- Work instructions -
Only the lines from the top of the records below through the line containing "B组最终积分榜:此前两连败、" should be printed, exactly and without pictures.

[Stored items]
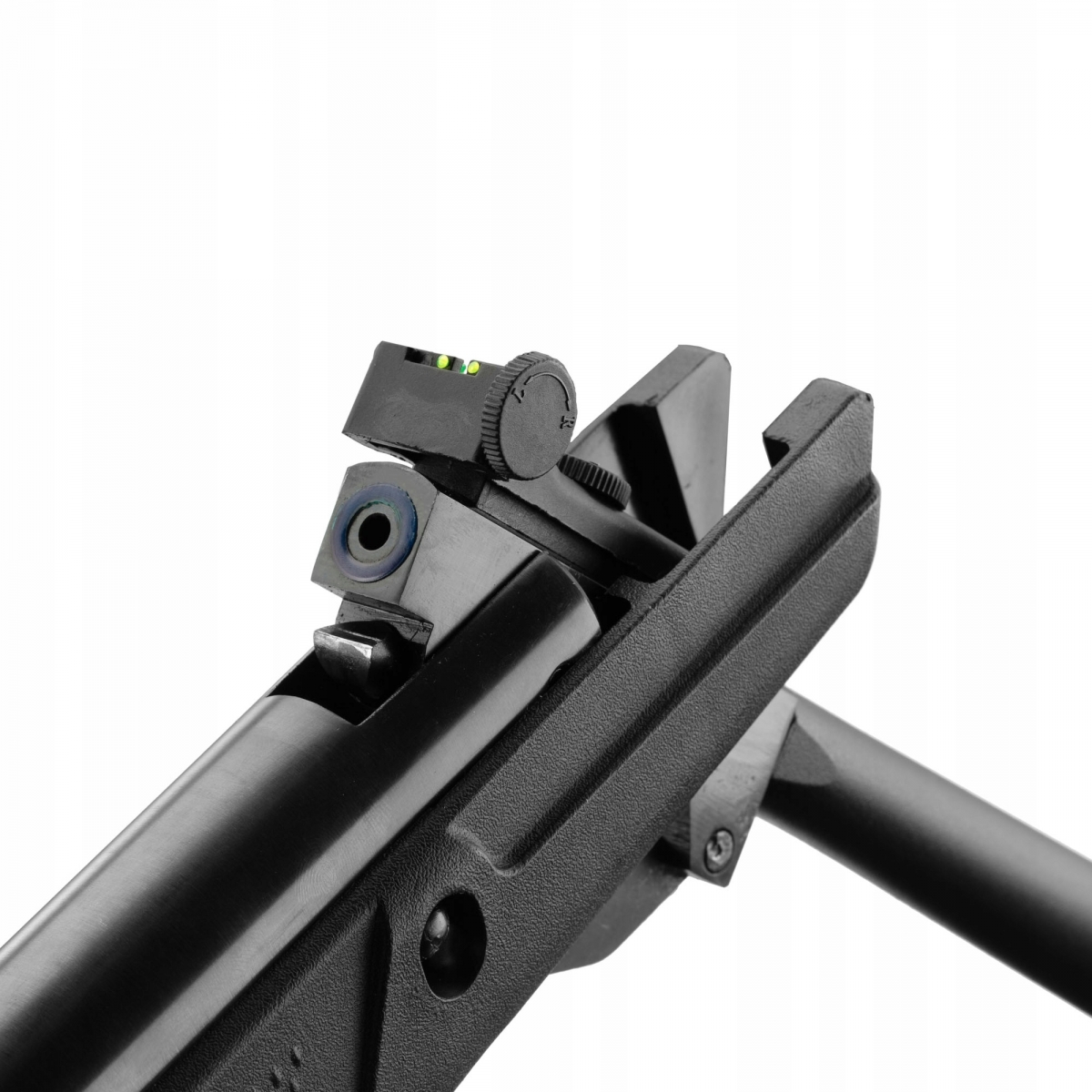⭐ Karabinek został wyposażony w dobrej klasy światłowodowe przyrządy celownicze tj. tunelową muszkę oraz regulowaną w pionie i poziomie szczerbinkę. Światłowody pręciki o kontrastowej (zielono-czerwonej) kolorystyce, znacznie przyspieszają zgrywanie muszki i szczerbinki, a dzięki wysokiej absorpcji światła, są dobrze widoczne nawet przy słabszym oświetleniu.
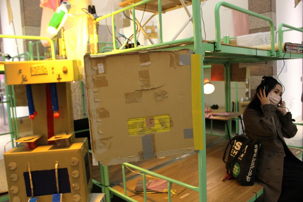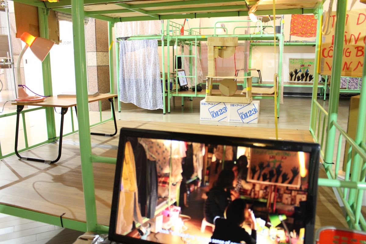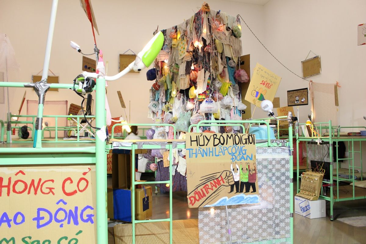 『宿舎』は、2018年に台湾の工場で働くベトナム人女性たちが、待遇改善を訴え寮に立てこもってストライキをした出来事がきっかけで生まれた作品。ストライキの場が、暮らしのなかでみんなが集う広場のように機能したのを見て、二段ベッドで組み立てたセットで、ストライキを再現するワークショップを行ったのだそう。
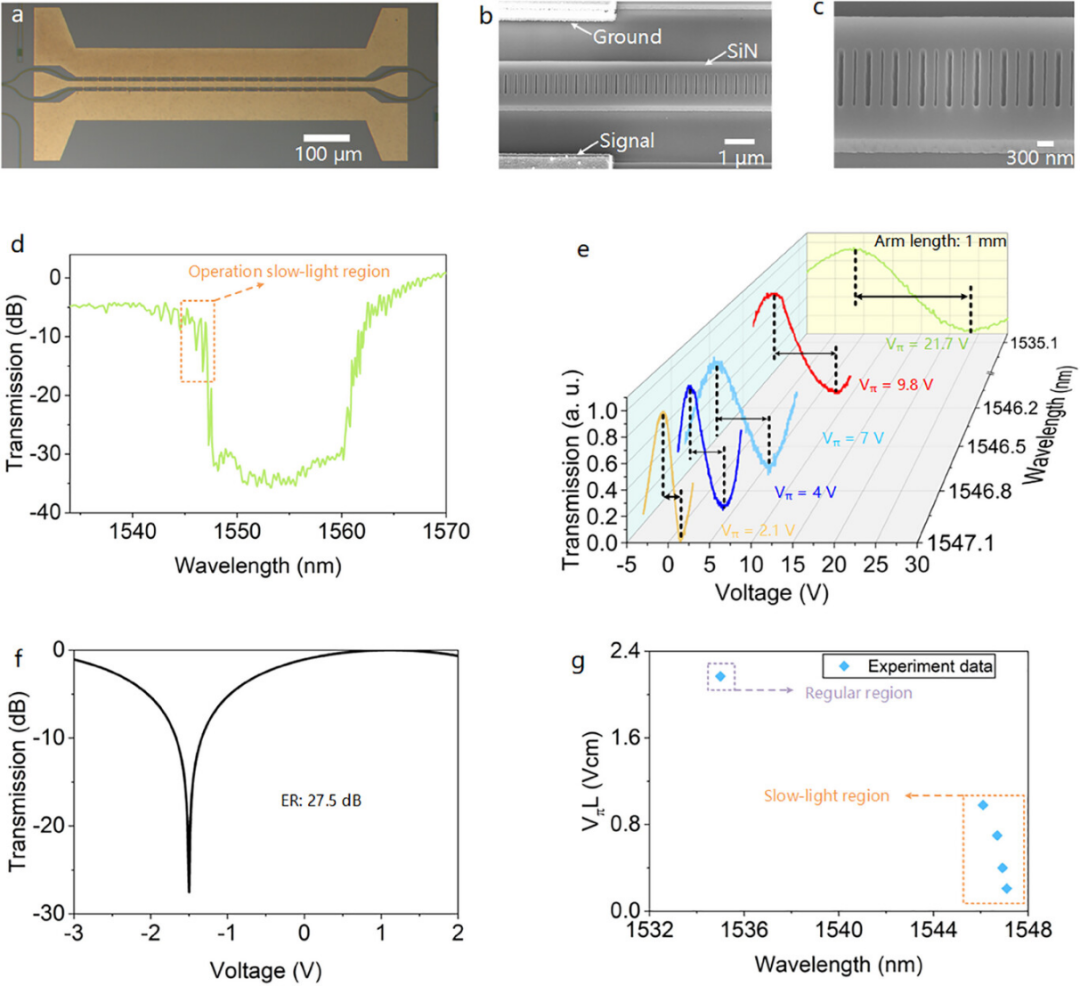 图2器件表征与静态电光性能。a)含波导与电极的器件光学显微镜照片。b)慢光波导与电极的扫描电子显微镜图像。c)带矩形空气孔的慢光波导放大SEM照片。d)MZM的透射光谱。e)归一化光学传输曲线,显示Vπ值分别为:1535nm波长下21.7V,1546.1nm下9.8V,1546.7nm下7V,1546.92nm下4V,1547.1nm下2.1V。由于光与物质的相互作用时间和群折射率增加,随着波长的红移,Vπ将逐渐降低至2.1V。f)1mm长臂在不同电压下测量的光传输,显示调制器在1547.1纳米波长时具有27.5dB的消光比。g)不同波长下测得的Vπ·L值。
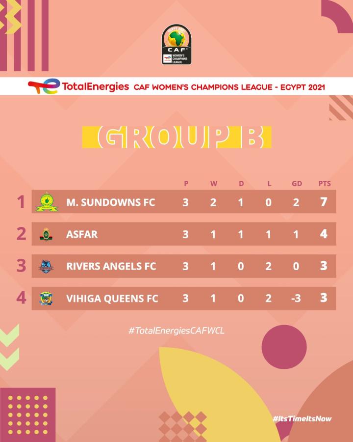 B组最终积分榜:此前两连败、零进球的河流天使本轮四球大胜,积分追平韦希加皇后,并以净胜球优势超越对手来到第三;马梅洛迪日落、拉巴特皇家武装打平各得一分,携手晋级四强
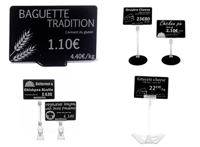 Our assortment also includes various types of holders and displays for price tags on counters and shelves. These holders are designed for standard shelves, but we also offer holders and stands for special price tag sizes. Whether narrow or wide, magnetic, to set up or insert, to combine 2 price tag cards, adapted to your business (butchery, bakery, fish counter, delicatessen, bistro, etc.).
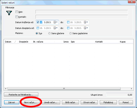 - Na zaslonu će se pojaviti dijaloški okvir sa prikazom izdanih računa. Kliknite na Novi račun... kao na sljedećoj slici.

- Solution to the problem -
⭐ Karabinek został wyposażony w dobrej klasy światłowodowe przyrządy celownicze tj. tunelową muszkę oraz regulowaną w pionie i poziomie szczerbinkę. Światłowody pręciki o kontrastowej (zielono-czerwonej) kolorystyce, znacznie przyspieszają zgrywanie muszki i szczerbinki, a dzięki wysokiej absorpcji światła, są dobrze widoczne nawet przy słabszym oświetleniu.
 『宿舎』は、2018年に台湾の工場で働くベトナム人女性たちが、待遇改善を訴え寮に立てこもってストライキをした出来事がきっかけで生まれた作品。ストライキの場が、暮らしのなかでみんなが集う広場のように機能したのを見て、二段ベッドで組み立てたセットで、ストライキを再現するワークショップを行ったのだそう。
 图2器件表征与静态电光性能。a)含波导与电极的器件光学显微镜照片。b)慢光波导与电极的扫描电子显微镜图像。c)带矩形空气孔的慢光波导放大SEM照片。d)MZM的透射光谱。e)归一化光学传输曲线,显示Vπ值分别为:1535nm波长下21.7V,1546.1nm下9.8V,1546.7nm下7V,1546.92nm下4V,1547.1nm下2.1V。由于光与物质的相互作用时间和群折射率增加,随着波长的红移,Vπ将逐渐降低至2.1V。f)1mm长臂在不同电压下测量的光传输,显示调制器在1547.1纳米波长时具有27.5dB的消光比。g)不同波长下测得的Vπ·L值。
 B组最终积分榜:此前两连败、零进球的河流天使本轮四球大胜,积分追平韦希加皇后,并以净胜球优势超越对手来到第三;马梅洛迪日落、拉巴特皇家武装打平各得一分,携手晋级四强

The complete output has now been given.